New Health Advisory Issued After Firefighting Foam Observed at Farmington River

A new advisory has been issued about firefighting foam that entered a brook and pond connected to the Farmington River after the B-17 crash at Bradley Airport on Wednesday.

The Department of Energy and Environmental Protection said the foam and other materials released into the environment were a result of the Oct. 2 plane crash.

DEEP said Thursday's rain could have caused the emergence of foam.

Foam surfaced at Watts Pond, an outflow of Rainbow Brook, and further downstream on the brook near Stevens Mill Road, according to a DEEP spokesperson.

Rainbow Brook flows south of Bradley Airport in Windsor Locks.

DEEP staff said they set up containment booms at these locations and used vacuum trucks to clean up the foam.

DEEP and other contractors will be at the scene this week to clean up and monitor the brook and pond for any more accumulation of foam.

Surface water samples have been collected from Rainbow Brook and the Farmington River and will be analyzed for PFAS and other chemicals associated with the incident.

Results are still expected to be released in the next week.

There is still no observation of foam in the Metropolitan District's sanitary system, according to the Windsor Health Department.

Preliminary testing results detected elevated levels of PFAS chemicals in fish from the Farmington River.

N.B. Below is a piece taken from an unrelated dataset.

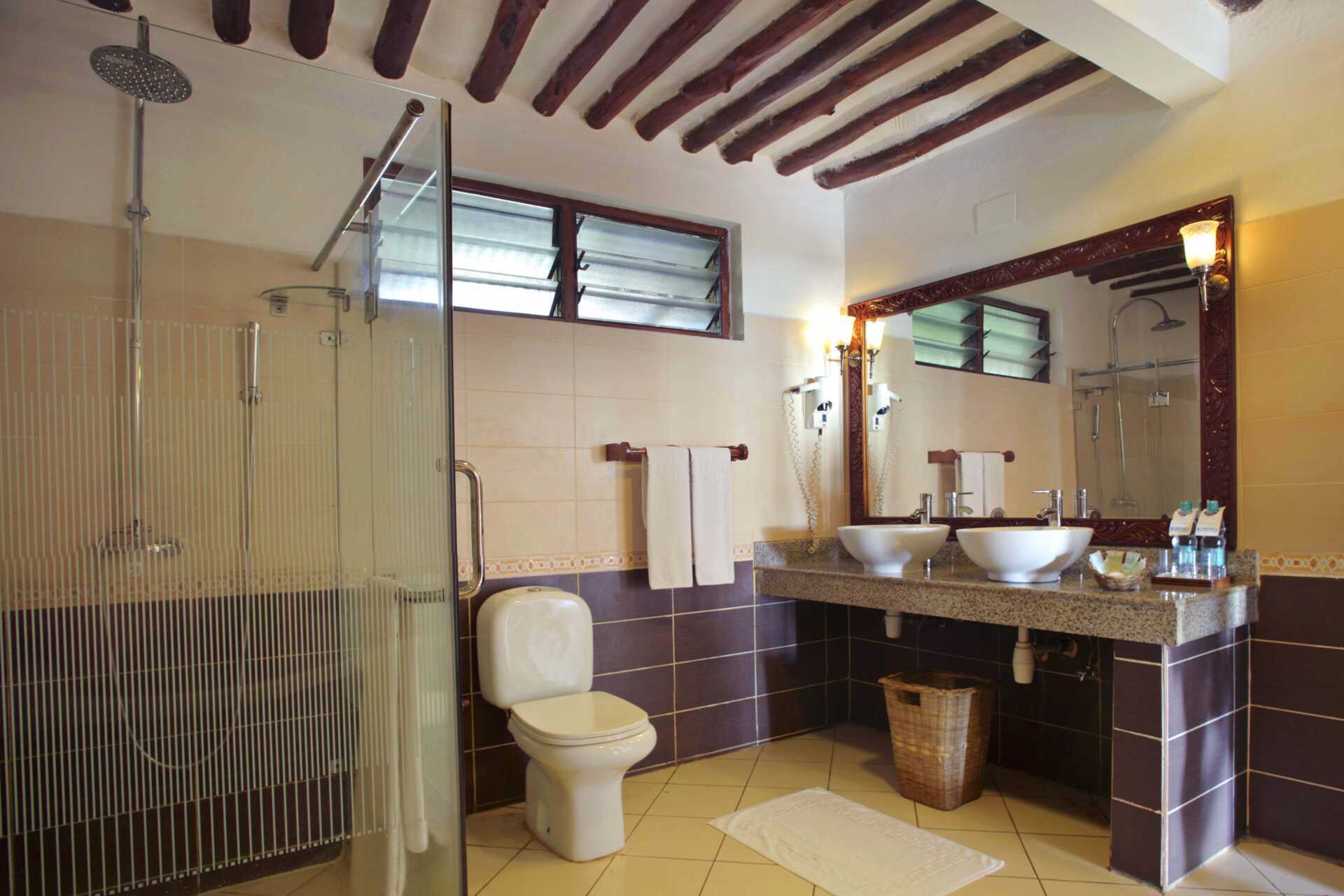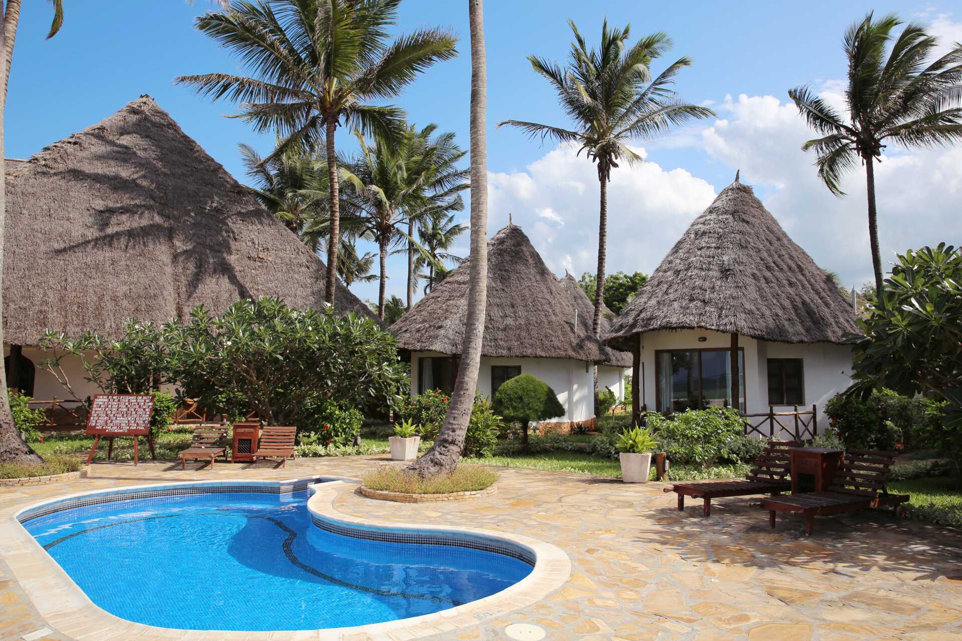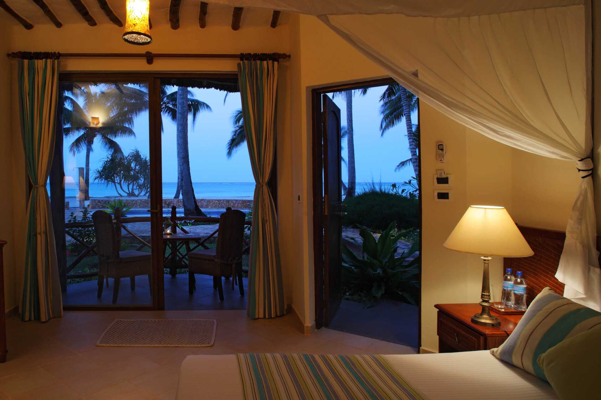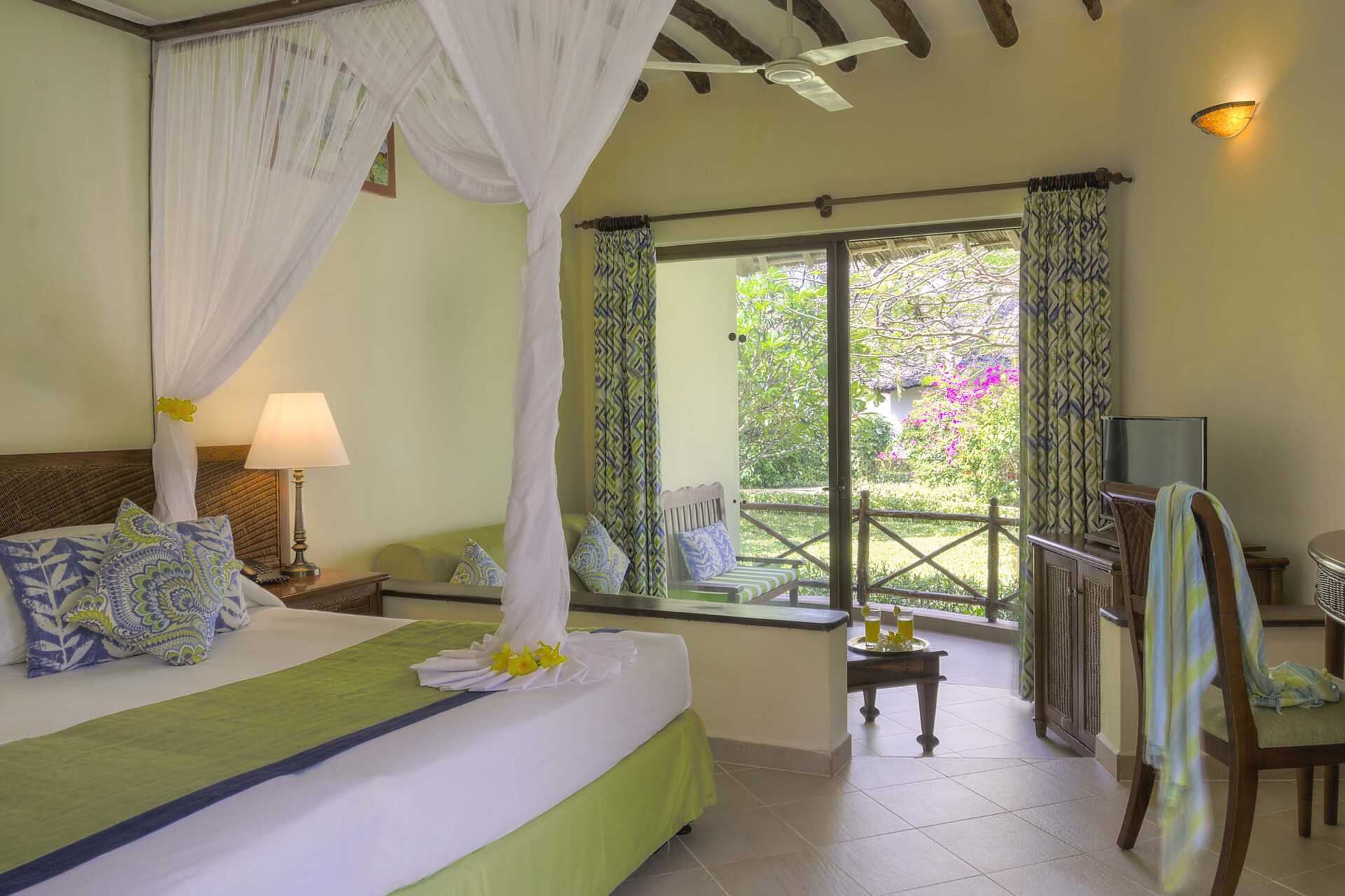 Kahden hengen huone, parvekkeella tai terassilla, osasta merinäköala. Huoneet sijaitsevat pyöreissä olkikattoisissa rakennuksissa hotellin puutarhassa. Huoneet, joista ei ole merinäköalaa, sijaitsevat pyöreissä rakennuksissa, joissa on useita huoneita. Merinäköalalla varustetut huoneet sijaitsevat lähimpänä rantaa ja lähellä pientä uima-allasta. Parivuode tai kaksi yhden hengen sänkyä. Mahdollisuus lisävuoteeseen kokoontaitettavasta vuoteesta. Maksuton wifi, ilmastointi ja tallelokero. Kattotuuletin. Jääkaappi. Hyttysverkot ovat kaikkien sänkyjen yläpuolella. Joissakin huoneissa voi olla tasoeroja huoneessa, jossa on askelma. Hiustenkuivain. Suihku ja wc. Merinäköalalla varustetuissa huoneissa on myös poreallas kylpyhuoneessa. Siivous 7 krt/viikko.

PFAS is a group of thousands of man-made chemicals that are widely used in consumer products, including products ranging from nonstick cookware to waterproof clothing to carpets to food packaging materials. According to DEEP and the state Department of Public Health, PFAS have been linked to health risks ranging from developmental effects in fetuses and infants to certain forms of cancer.

DEEP advises the public not to come in contact with the foam and if they see any to report it.